A linear regression example, and a question

Here is one of my favorite homework assignments. I give students the following twenty data points and ask them to fit y as a function of x1 and x2.

x1 x2 y
0.4 19.7 19.7
2.8 19.1 19.3
4.0 18.2 18.6
6.0 5.2 7.9
1.1 4.3 4.4
2.6 9.3 9.6
7.1 3.6 8.0
5.3 14.8 15.7
9.7 11.9 15.4
3.1 9.3 9.8
9.9 2.8 10.3
5.3 9.9 11.2
6.7 15.4 16.8
4.3 2.7 5.1
6.1 10.6 12.2
9.0 16.6 18.9
4.2 11.4 12.2
4.5 18.8 19.3
5.2 15.6 16.5
4.3 17.9 18.4

[If you want to play along, try to fit the data before going on.]

The usual solution

Students will fit a linear regression model, which in this case fits well, with an R-squared of 97%.

The true model

Actually, however, the data were simulated from the “Pythagorean” model, y^2 = x1^2 + x2^2. (We used the following code in R, using the runif command, which draws a random sample from a uniform distribution:

x1 <- runif (n=20, min=0, max=10) x2 <- runif (n=20, min=0, max=20) y <- sqrt (x1^2 + x2^2) It is striking that the linear model, y = 0.71 + 0.49 x1 + 0.86 x2, fits these data so well. What is the point of this example? At one level, it shows the power of multiple regression---even when the data come from an entirely different model, the regression can fit well. There is also a cautionary message, showing the limitations of any purely data-analytic method for finding true underlying relations. As we tell the students, if Pythagoras knew about multiple regression, he might never have discovered his famous theorem. A question

Does anyone know where this example comes from? We included it in our book, Teaching Statistics: A Bag of Tricks, but I know I’ve seen it before–I just can’t remember where.


  1. Sam Cook says:

    RonCook commented:

    I ran your regression problem through Excel and yes a linear regression gives a very good fit. Even more unfortunate is that visual inspection of the fitted data does not give the user any help indeterming that a linear fit in not the right model to fit the data. In the absence of knowing what phsycial system underlies the generation of the data one of the things that I have been doing and trying to train my coworkers to do is to use non-supervised NN methods to look at the data before applying an incorrect model to the data. Specifically I have been using both GMDH (group method of data handling) and Kohonens self organzing maps to take a look at the data and let the data itself guide me to the type of model(s) that should overlaid on the data

  2. Kaleberg says:

    One who practices the black art of numerical analysis would not be at all surprised at your result. For x1 and x2 in the ranges you specified it may be that the regression derived model is just as good or better than the Pythagorean model. Numerical analysts often use simple linear or lower order models of complex functions to avoid wasting computrons and to minimize error. If you can turn two multiplications and a square root extraction into one multiplication and an addition, do it.

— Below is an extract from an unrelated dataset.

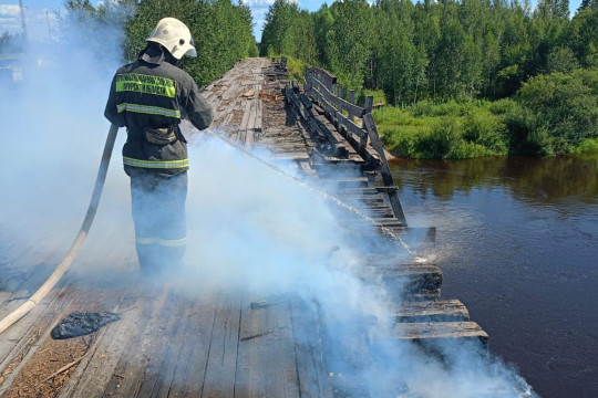 Пожар на деревянном мосту остановил движение по автотрассе в Амурской области

    It's all an artifact of limiting the range of the values. You surely don't think that your computer uses a Taylor expansion to compute the sine function. It gets the angle into the range 0 to pi/2 (or whatever) and then uses an optimized polynomial for that range. Where does that polynomial come from? Someone did a higher order regression to minimize the error across the range of values!

    Of course, thinking like a numerical analyst can cause your brain to explode.